Assignment —
All records below are to be repeated exactly, with the pictures left out.

[Items from a dataset]
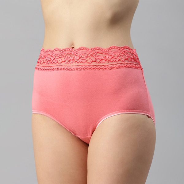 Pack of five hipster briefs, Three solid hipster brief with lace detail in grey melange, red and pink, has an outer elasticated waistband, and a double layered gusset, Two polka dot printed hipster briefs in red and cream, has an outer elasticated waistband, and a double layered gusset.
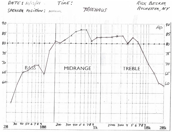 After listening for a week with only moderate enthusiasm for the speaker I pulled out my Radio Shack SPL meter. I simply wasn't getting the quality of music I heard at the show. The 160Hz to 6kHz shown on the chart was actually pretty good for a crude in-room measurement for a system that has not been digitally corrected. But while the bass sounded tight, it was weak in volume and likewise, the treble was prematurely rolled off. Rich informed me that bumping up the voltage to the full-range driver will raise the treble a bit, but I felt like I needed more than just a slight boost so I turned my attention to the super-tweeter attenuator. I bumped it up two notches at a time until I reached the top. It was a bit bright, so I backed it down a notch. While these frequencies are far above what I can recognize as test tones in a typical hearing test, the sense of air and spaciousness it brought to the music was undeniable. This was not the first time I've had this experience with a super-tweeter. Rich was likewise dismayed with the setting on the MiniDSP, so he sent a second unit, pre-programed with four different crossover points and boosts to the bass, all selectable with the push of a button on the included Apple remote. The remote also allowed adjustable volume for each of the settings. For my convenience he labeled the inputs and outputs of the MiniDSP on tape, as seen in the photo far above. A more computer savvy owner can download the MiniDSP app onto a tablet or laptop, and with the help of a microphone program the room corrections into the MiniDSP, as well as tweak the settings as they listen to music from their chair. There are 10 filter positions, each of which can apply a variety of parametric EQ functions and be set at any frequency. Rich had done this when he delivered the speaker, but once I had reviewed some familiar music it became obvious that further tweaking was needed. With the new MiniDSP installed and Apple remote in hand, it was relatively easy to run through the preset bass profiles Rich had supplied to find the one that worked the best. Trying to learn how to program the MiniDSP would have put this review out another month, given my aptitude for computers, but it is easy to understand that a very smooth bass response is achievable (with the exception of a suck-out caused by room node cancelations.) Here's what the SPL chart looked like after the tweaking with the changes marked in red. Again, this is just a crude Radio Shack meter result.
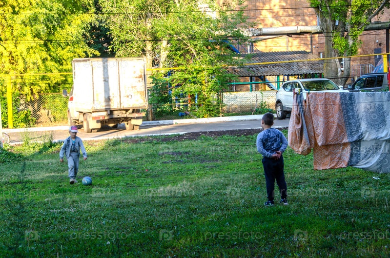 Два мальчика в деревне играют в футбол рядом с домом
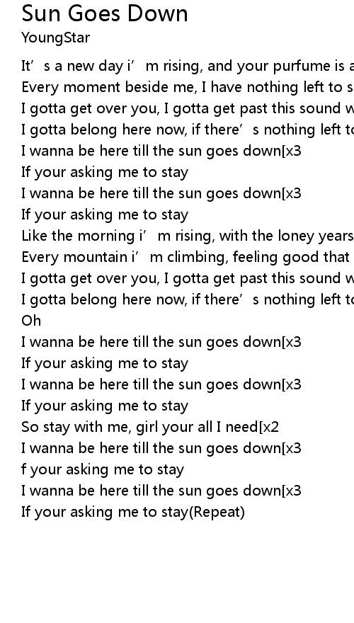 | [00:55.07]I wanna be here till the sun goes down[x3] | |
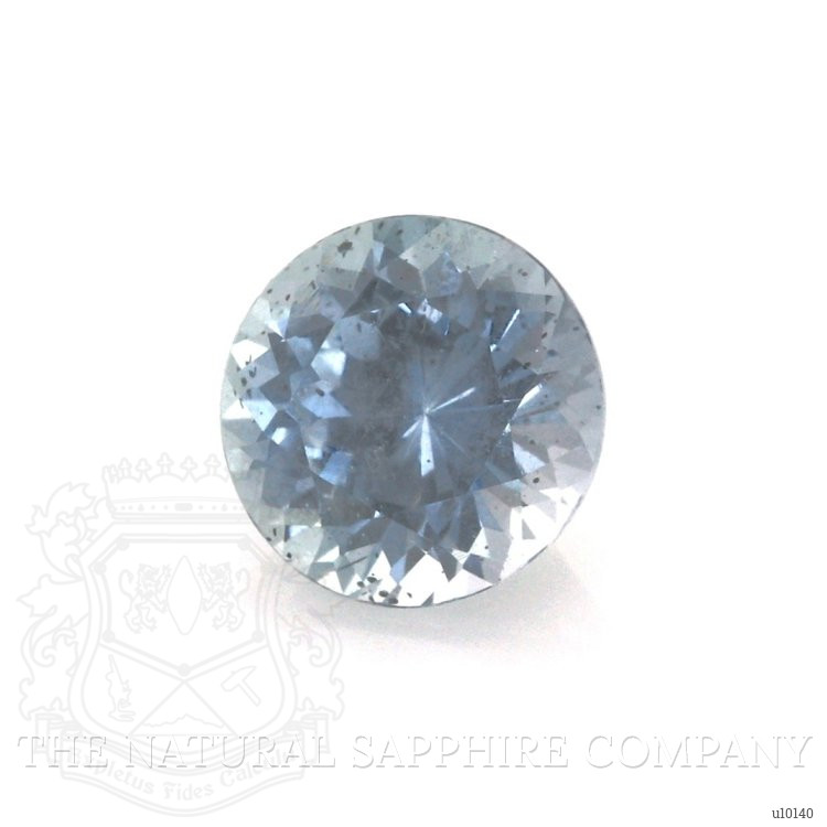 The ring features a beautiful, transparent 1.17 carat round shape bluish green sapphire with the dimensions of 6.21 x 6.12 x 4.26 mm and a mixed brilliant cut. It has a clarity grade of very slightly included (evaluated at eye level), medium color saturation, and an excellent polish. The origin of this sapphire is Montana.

The completed task —
 Pack of five hipster briefs, Three solid hipster brief with lace detail in grey melange, red and pink, has an outer elasticated waistband, and a double layered gusset, Two polka dot printed hipster briefs in red and cream, has an outer elasticated waistband, and a double layered gusset.
 After listening for a week with only moderate enthusiasm for the speaker I pulled out my Radio Shack SPL meter. I simply wasn't getting the quality of music I heard at the show. The 160Hz to 6kHz shown on the chart was actually pretty good for a crude in-room measurement for a system that has not been digitally corrected. But while the bass sounded tight, it was weak in volume and likewise, the treble was prematurely rolled off. Rich informed me that bumping up the voltage to the full-range driver will raise the treble a bit, but I felt like I needed more than just a slight boost so I turned my attention to the super-tweeter attenuator. I bumped it up two notches at a time until I reached the top. It was a bit bright, so I backed it down a notch. While these frequencies are far above what I can recognize as test tones in a typical hearing test, the sense of air and spaciousness it brought to the music was undeniable. This was not the first time I've had this experience with a super-tweeter. Rich was likewise dismayed with the setting on the MiniDSP, so he sent a second unit, pre-programed with four different crossover points and boosts to the bass, all selectable with the push of a button on the included Apple remote. The remote also allowed adjustable volume for each of the settings. For my convenience he labeled the inputs and outputs of the MiniDSP on tape, as seen in the photo far above. A more computer savvy owner can download the MiniDSP app onto a tablet or laptop, and with the help of a microphone program the room corrections into the MiniDSP, as well as tweak the settings as they listen to music from their chair. There are 10 filter positions, each of which can apply a variety of parametric EQ functions and be set at any frequency. Rich had done this when he delivered the speaker, but once I had reviewed some familiar music it became obvious that further tweaking was needed. With the new MiniDSP installed and Apple remote in hand, it was relatively easy to run through the preset bass profiles Rich had supplied to find the one that worked the best. Trying to learn how to program the MiniDSP would have put this review out another month, given my aptitude for computers, but it is easy to understand that a very smooth bass response is achievable (with the exception of a suck-out caused by room node cancelations.) Here's what the SPL chart looked like after the tweaking with the changes marked in red. Again, this is just a crude Radio Shack meter result.
 Два мальчика в деревне играют в футбол рядом с домом
 | [00:55.07]I wanna be here till the sun goes down[x3] | |
 The ring features a beautiful, transparent 1.17 carat round shape bluish green sapphire with the dimensions of 6.21 x 6.12 x 4.26 mm and a mixed brilliant cut. It has a clarity grade of very slightly included (evaluated at eye level), medium color saturation, and an excellent polish. The origin of this sapphire is Montana.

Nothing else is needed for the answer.